How secure is your conference call?

Conferencing and collaboration platforms can create an open channel to users’ conferencing systems and users’ computers, often bypassing security within an organization. But are these cloud based services putting your business at risk? And how can you protect your company from unwanted malware in the age of cloud collaboration?

Article by: S Ann Earon, IMCCA Founding Chairperson

A variety of conferencing and collaboration platforms have become basic tools deemed necessary to conduct business (i.e. Skype for Business, WebEx, etc.) These collaboration tools are designed so firewall, and other security devices, are configured to allow conferencing and collaboration traffic. The tools encrypt the communications between conversation endpoints, but communications are neither blocked or inspected. Users’ common sense is what stands in the way of malicious malware accompanying a download like a PowerPoint presentation or a chat on Skype. Users can unknowingly download malware, which can infect the entire network.

The need to optimize conferencing and collaboration security is growing as organizations look for new ways for employees to be productive, and collaboration and unified communications overtake face-to-face meetings. As an increasing number of employees work from home, or away from the office, organizations are implementing Bring-Your-Own-Device (BYOD) policies to offer employees flexibility and a work-life balance.

What security practices can organizations put in place as they implement conferencing and collaboration solutions?

1. Create a BYOD Policy

An effective BYOD policy should address network access, secure passwords, lost devices, etc. There needs to be a written policy with increased security measures, improved training, and ways to ensure IT can handle new and different devices.

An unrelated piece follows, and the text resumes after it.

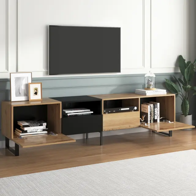 Moderna TV omarica v črni barvi z lesnimi vzorci - veliko prostora za shranjevanje, robustna konstrukcija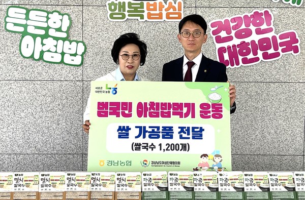 이상진 농협경남본부 부본부장(사진·오른쪽)은 “우리 쌀로 만든 쌀 가공식품은 바쁜 아침에도 간편하게 먹을 수 있는 훌륭한 대안”이라며 “이번 행사를 계기로 많은 도민이 아침밥먹기의 중요성을 다시 한번 인식하고 실천하는 계기가 되길 바란다”고 말했다.

2. Secure Devices and Networks

Put a process in place to ensure devices used to access the in-house network are safe and do not contain spam, malware, or unacceptable applications that could compromise the network. Be sure connections to the network, regardless of user location, are authorized.

3. Manage Passwords

Users need to understand their responsibility when it comes to security and the importance of passwords. There should be written guidelines developed and all employees trained on 2 the implications of an unsecure environment.

A group of experts, involved in the IMCCA AV/IT panel from InfoComm 2017 provide their insight to how best to handle security as it relates to conferencing and collaboration.

Michael Goldman – Crestron
Executive Director, Enterprise Strategies & Development

As companies go through digital transformation, they are deploying presentation and collaboration systems at a rapid pace. In the past, these systems could be free standing, independent of the broader network. To deliver on worker needs today, these systems must all connect to the network and, in some cases, the Internet. This means that as new presentation and collaboration applications and devices (room systems and end points) proliferate, potential security risks do as well. Moving systems to the network in scale adds additional steps to the process which many AV professionals followed for decades. Because of this, they may be failing to address security as a top, and well-warranted, concern at the outset of the initial design.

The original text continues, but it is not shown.